Once your service account is set up we can get started by installing some packages. First we'll install the google-api-python-client package. This api will let us use Google's APIs. Next, we'll install the dataframe manipulator package, pandas, followed up with boto3, AWS's API Python client library. We'll use this library to get our secret account credentials from AWS. The json and os packages are needed for data formatting and environment variable calling, respectively. Finally, we'll install the faker package. This last one will help us generate some nice dummy data, on which to experiment, while testing out the Sheets API.

from google.oauth2 import service_account
from googleapiclient.discovery import build
import pandas as pd
import boto3
import json
import os
from faker import Faker

Next, we need to create and new spreadsheet to which we'll connect using the block of code below. Type sheets.new into your browser and a new Google spreadsheet workbook will be created. Be sure to give it a title. You'll next want to grab the workbook ID from the URL bar.

I placed mine into an environment variable and passed it to my notebook environment.

Alright, let's connect to the Sheets API. We'll need to retrieve our service account credentials. I saved mine in AWS secret's manager service. Using boto3, I can pass these credentials to the sheets service, authorizing connection.

sm = boto3.client("secretsmanager")
secret_json = sm.get_secret_value(SecretId="trimble-service-account-google-apis")[
    "SecretString"
]
secret_data = json.loads(secret_json)
scopes = ["https://www.googleapis.com/auth/spreadsheets"]

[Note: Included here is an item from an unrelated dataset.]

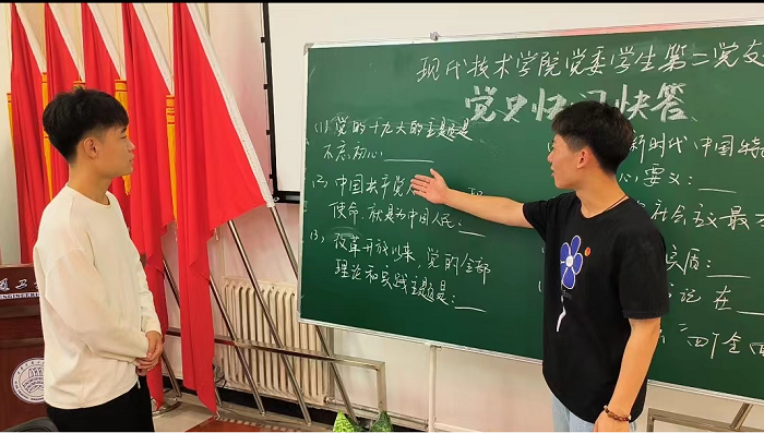 ——开展“树新风 立党心”党史快问快答活动。活动现场,同学们踊跃参与答题,展现了他们丰富的理论知识储备和积极的学习态度。此次活动一方面使得积极分子们更深入地了解党领导人民革命、建设、改革的历史,从伟大历程和辉煌成就中汲取动力,从优良传统吸取营养,从历史经验中获得智慧,对于坚定理想信念,增强宗旨意识,弘扬优良作风具有重要的现实意义;另一方面也为大家营造了互相学习、交流的氛围,引导大家树立终身学习理念,提高自身综合素质,更加坚定地为实现中国梦而努力奋斗。

creds = service_account.Credentials.from_service_account_info(
    secret_data, scopes=scopes
)
service = build("sheets", "v4", credentials=creds)
sheets = service.spreadsheets()
sheet_id = os.environ['SHEET_ID']

The first thing we're going to do is add data to the spreadsheet. We'll use the faker module to generate some random data. We can call the profile() method which creates a "person" with various information include a Social Security Number, address, name, etc. It's already formatted correctly for incorporation into a dataframe with pandas. Let's generate the data and visualize it calling the head() method on the dataframe.

fake = Faker()
profileData = [fake.profile() for i in range(100)]
df = pd.DataFrame(profileData)
df.head()
job company ssn residence current_location blood_group website username name sex address mail birthdate
0 Lecturer, higher education Hart PLC 164-04-3123 13655 Ashley Unions Suite 616\nLoveborough, ID... (53.0466615, -82.546387) A+ [http://www.howell-sharp.net/, https://www.rob... youngzachary Cassandra Alvarado F 63480 Liu Run\nNorth Anne, OR 10500 crystal50@yahoo.com 1972-12-03
1 Records manager Walker, Patton and George 180-92-5579 21263 Pamela Extensions\nVillamouth, KS 96993 (-78.0920215, -165.065549) O- [https://campbell-reed.com/] nelsonsamantha Michael Blake M 67091 Adam Wall Suite 530\nNorth Lisa, AK 93355 asmith@hotmail.com 1937-08-24
2 Visual merchandiser Kelley-Simmons 475-02-6595 5506 Riggs Junctions\nTaylorville, PA 48609 (10.722590, -41.148270) A+ [https://www.brown.net/, http://www.davis.com/... jefferysmith Richard Jones M 72826 Norman Grove\nAlantown, MD 17603 imelendez@yahoo.com 1993-08-01
3 Mining engineer Warren, Walsh and Myers 894-20-0037 31788 Crane Extension\nGarciafort, MS 74611 (25.205013, 133.580372) A+ [https://www.higgins.info/, https://cline.com/] josephbell Jessica Velez F 7032 Devin Groves Apt. 845\nNew Emilyville, UT... brandonbright@yahoo.com 1911-03-21
4 Event organiser Peterson-Johnson 609-50-0924 97149 Shannon Divide\nNorth Williamberg, UT 09107 (82.5767035, -111.439504) O- [https://www.smith.com/] markadams Jennifer Hernandez F Unit 1455 Box 1494\nDPO AA 37368 wpeterson@hotmail.com 1965-10-06

Let's down select from some of the data to get a managable set. Below I selected 4 columns of data I'll use to demonstrate Google sheet uploading.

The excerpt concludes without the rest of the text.